Of the lines I am talking about, two are from Badea and the third is from Islamic Development Bank. The two Badea lines include the $10m (Shs35.8b) trade finance line which is a one year line but revolving for two years. Essentially, it is going to run for two years but we are going to have regular discussions. Trade finance requires a lot of money and in short term, so it is supposed to be taken and we looked at taking this line to support the companies that we finance on long-term so that we also come in and support them on credit finance.
The other one is a $6m (Shs21.5b) line for long-term financing and it is an eight-year facility from Badea while the third line is a $10m (Shs35.8b) line for asset financing from Islamic Development Bank to run for 10 years.
We got an asset financing tool to help us to support customers whose collateral may not be sufficient at the time. We are majorly targeting the Small and Medium Enterprises.
The approval of this application by Parliament came off as a huge milestone for UDB. Why is this so?
In its history, the bank had never gone to Parliament for more than one line of credit. These lines of credit take a while to close. Going to Parliament to seek approval which by the way is not approval for government to borrow, we took up these lines of credit with the support of government which offered to avail a guarantee.

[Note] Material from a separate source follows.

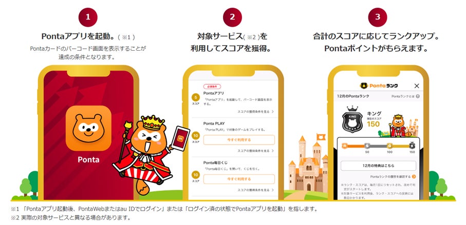 本プログラムは、必須条件である「Pontaアプリの起動」と、対象となるPontaサービスの利用などの条件達成によって、同月内に獲得したスコアに応じてランクが決定します。ランクに応じた特典として、毎月Pontaポイントをプレゼントします。

When the government offers a guarantee, the component in pricing of a sovereign guarantee is waived. We do not anticipate that we will fail on these lines of credit because of what we have done in the last four years. We have done a lot to prepare the bank to float on its own in the next years.
What are UDB’s priority sectors in terms of financing?

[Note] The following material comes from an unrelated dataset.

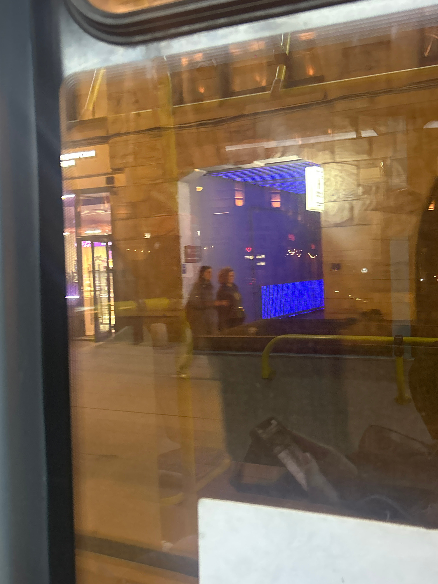 The media file presents a nighttime scene viewed through a window, likely from a vehicle such as a bus or tram, characterized by prominent reflections. The window glass has a warm, brownish tint, crea…read more

Our key sectors of financing include agriculture and agribusiness especially focusing on products that would enhance exports and essentially bring in foreign exchange or any areas that would by way of import substitution enable the reduction of pressure on the Shilling.

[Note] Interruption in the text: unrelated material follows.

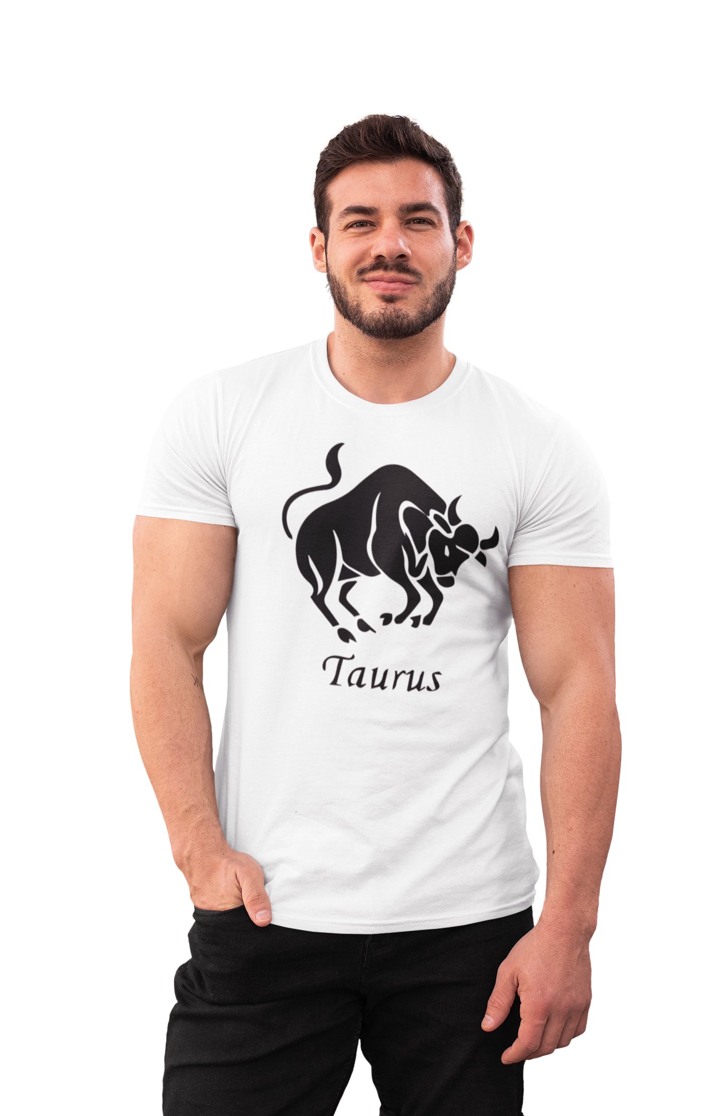 Taurus symbol (BG Black) (White T) - Printed Zodiac Sign Tshirts - Made especially for astrology lovers people

We are looking at tourism, manufacturing and processing, health sector, education, mining though we do not have the capacity to do the gigantic projects. So we are looking at exploration of mining, extraction and other support functions that come into play and we will need financing.
All the business community needs is the technical assistance, and financial support at affordable and long-term pricing. Through partnerships, the bank is looking at how it can reduce the financing pressure on itself.
We are in discussions with John Deere which sells agriculture implements in the area of primary production. With John Deere’s financial fund, we are trying to see how best we can avail services to the farmers.
How will the country benefit from the capitalisation of UDB?
We have negotiated very good terms with the DFIs. Because from the borrowing side the terms are very favorable, we believe we can pass on good terms to our customers in the private sector.
Because of the tenures, prices, terms, we can still afford to avail long-term financing. Long-term financing is not something that is easily availed by the commercial banks. While commercial banks are fairly liquid, we do not take deposits and that in a way marginalises us in the aspect of availing liquidity for on-lending.
But again it has got its pros and cons because of the fact that we are a national bank, very many international DFIs are very willing and committed to working with UDB.
In fact, everybody who goes to DFI to borrow for whichever size of investment, they will refer you to UDB. That recognition and support from government has given us an extra edge on seeking favourable terms of finance from these DFIs.
One of the things we are focused on doing as well is to support our customers but also being very vigilant on monitoring and evaluation because if we do not do this on the projects that we finance, we will not have a story to tell and we will not convince other people to come aboard.
We are in a society with many informal businesses but once people get to know that there is registered progress in the sector, other players will come on board.